• **Supplied information**
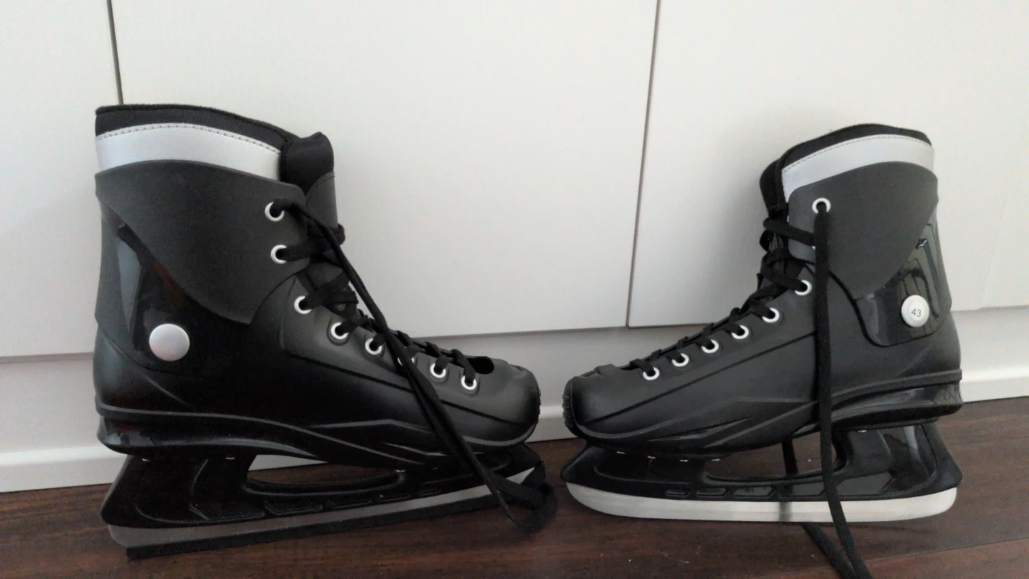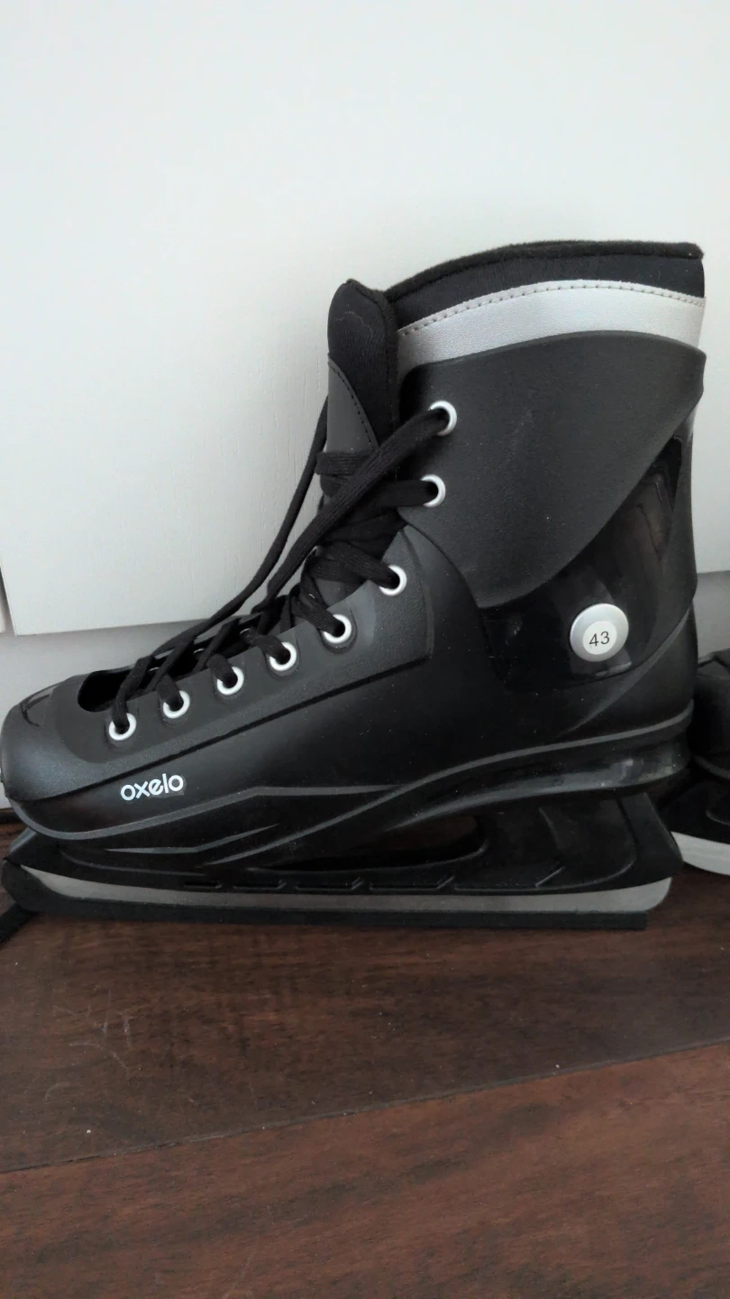Black Oxelo ice skates in size 43. They feature metal blades and laces for a secure fit. Basically new, have only been used once or twice. In excellent condition.
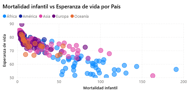 El elemento central de esta página es un gráfico de dispersión en el que cada punto representa un país. En el eje horizontal se sitúa la esperanza de vida y en el eje vertical la mortalidad infantil. Esta elección de visualización responde a la necesidad de analizar la relación entre dos variables cuantitativas de forma clara y directa.
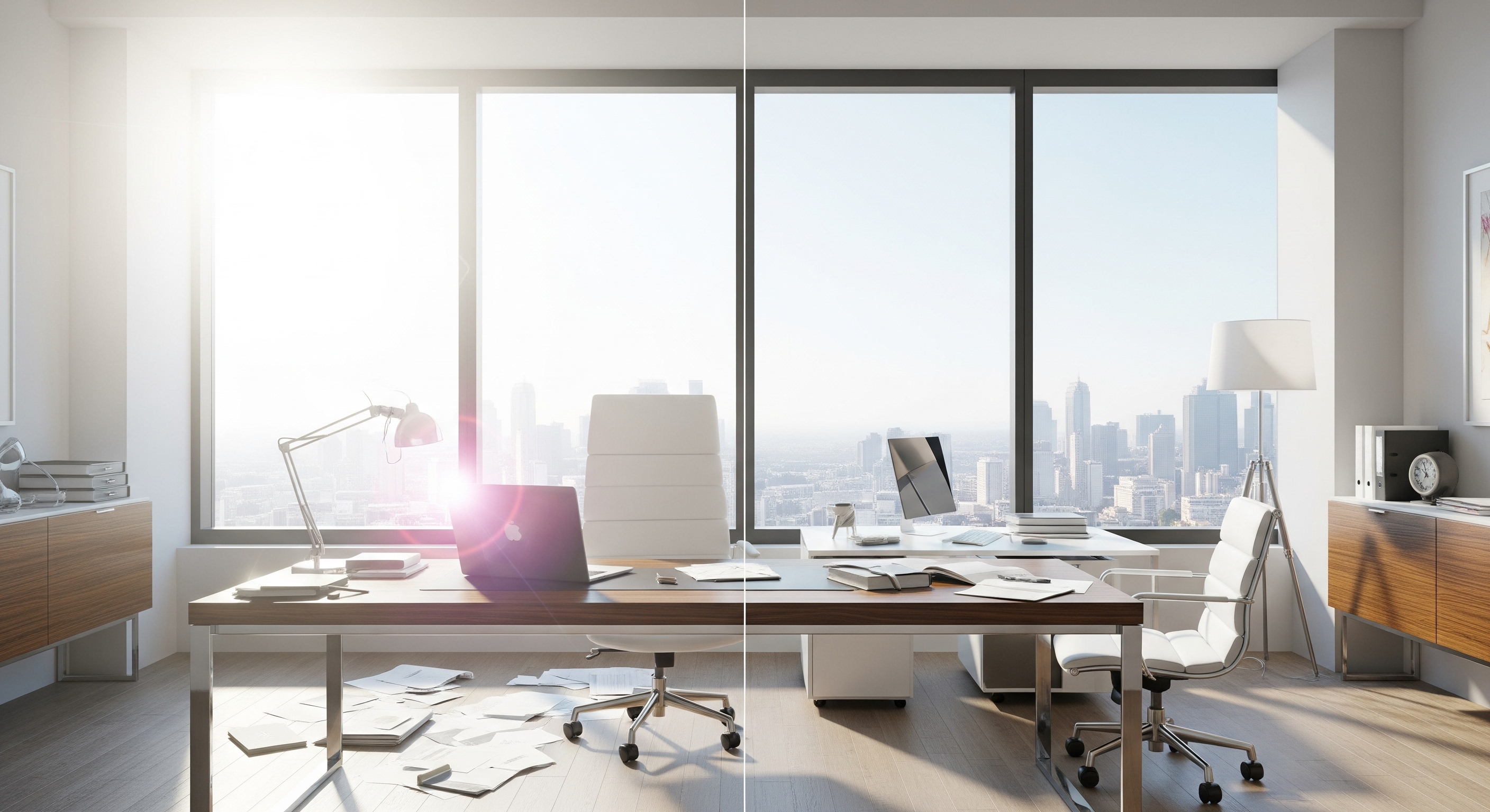 Sun glare is a notorious productivity killer. In a modern office, it causes painful digital eye strain and headaches as employees squint at their computer screens. This forces them to change their posture, move to a different location, or close the blinds, which defeats the purpose of having windows in the first place.

• **Instructions to follow**
Replicate the material above verbatim; images stay out of the copy.

• **Written response**
Black Oxelo ice skates in size 43. They feature metal blades and laces for a secure fit. Basically new, have only been used once or twice. In excellent condition.
 El elemento central de esta página es un gráfico de dispersión en el que cada punto representa un país. En el eje horizontal se sitúa la esperanza de vida y en el eje vertical la mortalidad infantil. Esta elección de visualización responde a la necesidad de analizar la relación entre dos variables cuantitativas de forma clara y directa.
 Sun glare is a notorious productivity killer. In a modern office, it causes painful digital eye strain and headaches as employees squint at their computer screens. This forces them to change their posture, move to a different location, or close the blinds, which defeats the purpose of having windows in the first place.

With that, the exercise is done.